## Records
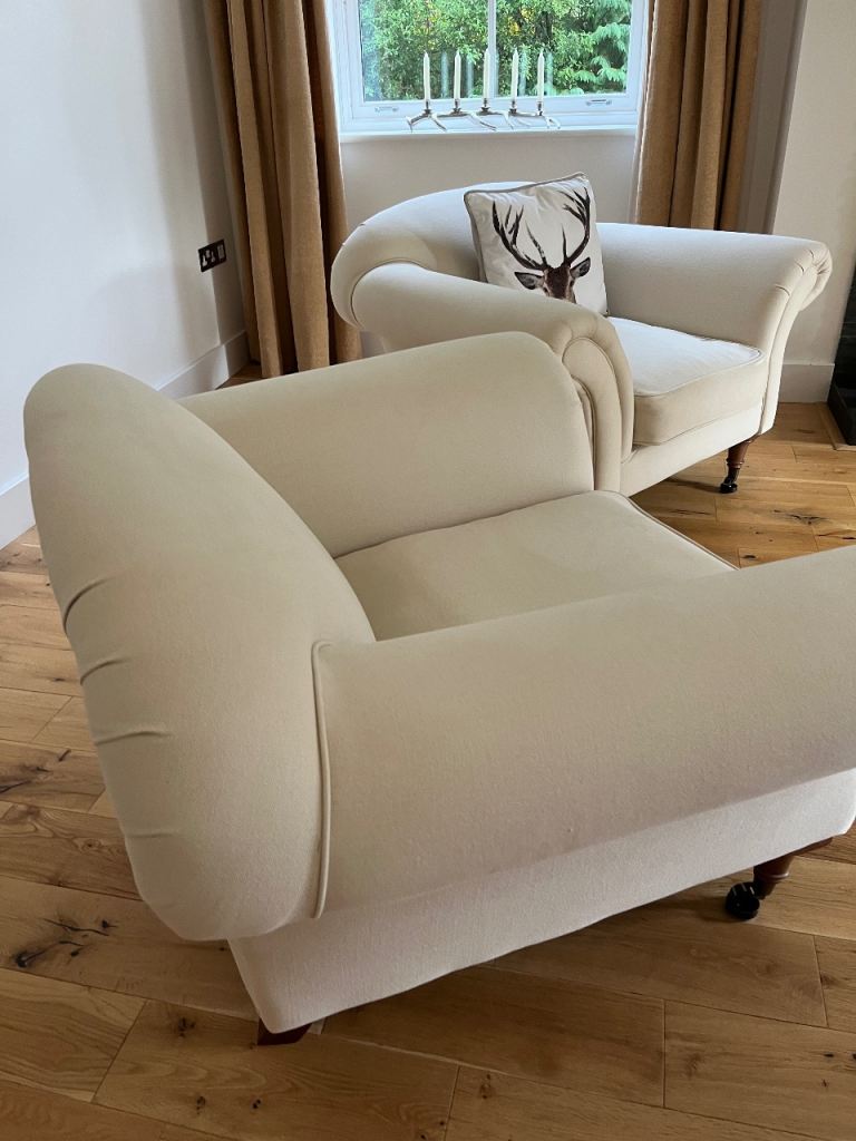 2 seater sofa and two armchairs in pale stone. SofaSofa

---

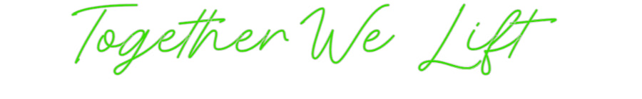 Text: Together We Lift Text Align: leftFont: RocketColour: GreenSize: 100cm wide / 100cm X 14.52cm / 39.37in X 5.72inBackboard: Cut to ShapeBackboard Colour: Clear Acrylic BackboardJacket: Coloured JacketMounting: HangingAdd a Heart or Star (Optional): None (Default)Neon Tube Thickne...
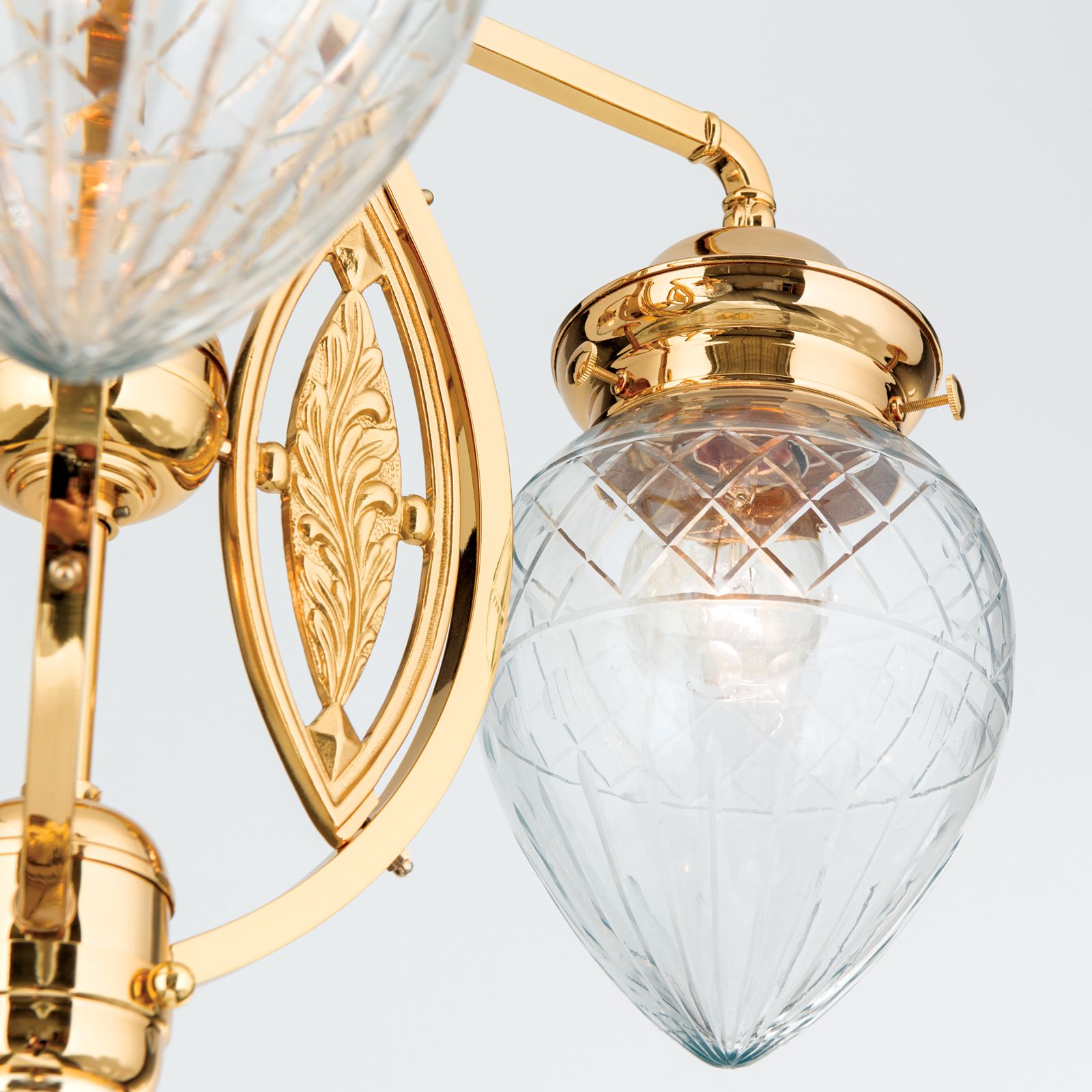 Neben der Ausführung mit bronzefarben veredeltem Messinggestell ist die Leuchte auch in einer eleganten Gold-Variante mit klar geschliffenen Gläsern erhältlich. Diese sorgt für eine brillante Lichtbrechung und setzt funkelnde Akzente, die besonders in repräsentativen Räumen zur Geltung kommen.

## Problem
Using the data above, retype exactly and only the lines from the one containing "Text: Together We" up to and including the one containing "Neben der Ausführung", with no pictures carried over.

## Response below
 Text: Together We Lift Text Align: leftFont: RocketColour: GreenSize: 100cm wide / 100cm X 14.52cm / 39.37in X 5.72inBackboard: Cut to ShapeBackboard Colour: Clear Acrylic BackboardJacket: Coloured JacketMounting: HangingAdd a Heart or Star (Optional): None (Default)Neon Tube Thickne...
 Neben der Ausführung mit bronzefarben veredeltem Messinggestell ist die Leuchte auch in einer eleganten Gold-Variante mit klar geschliffenen Gläsern erhältlich. Diese sorgt für eine brillante Lichtbrechung und setzt funkelnde Akzente, die besonders in repräsentativen Räumen zur Geltung kommen.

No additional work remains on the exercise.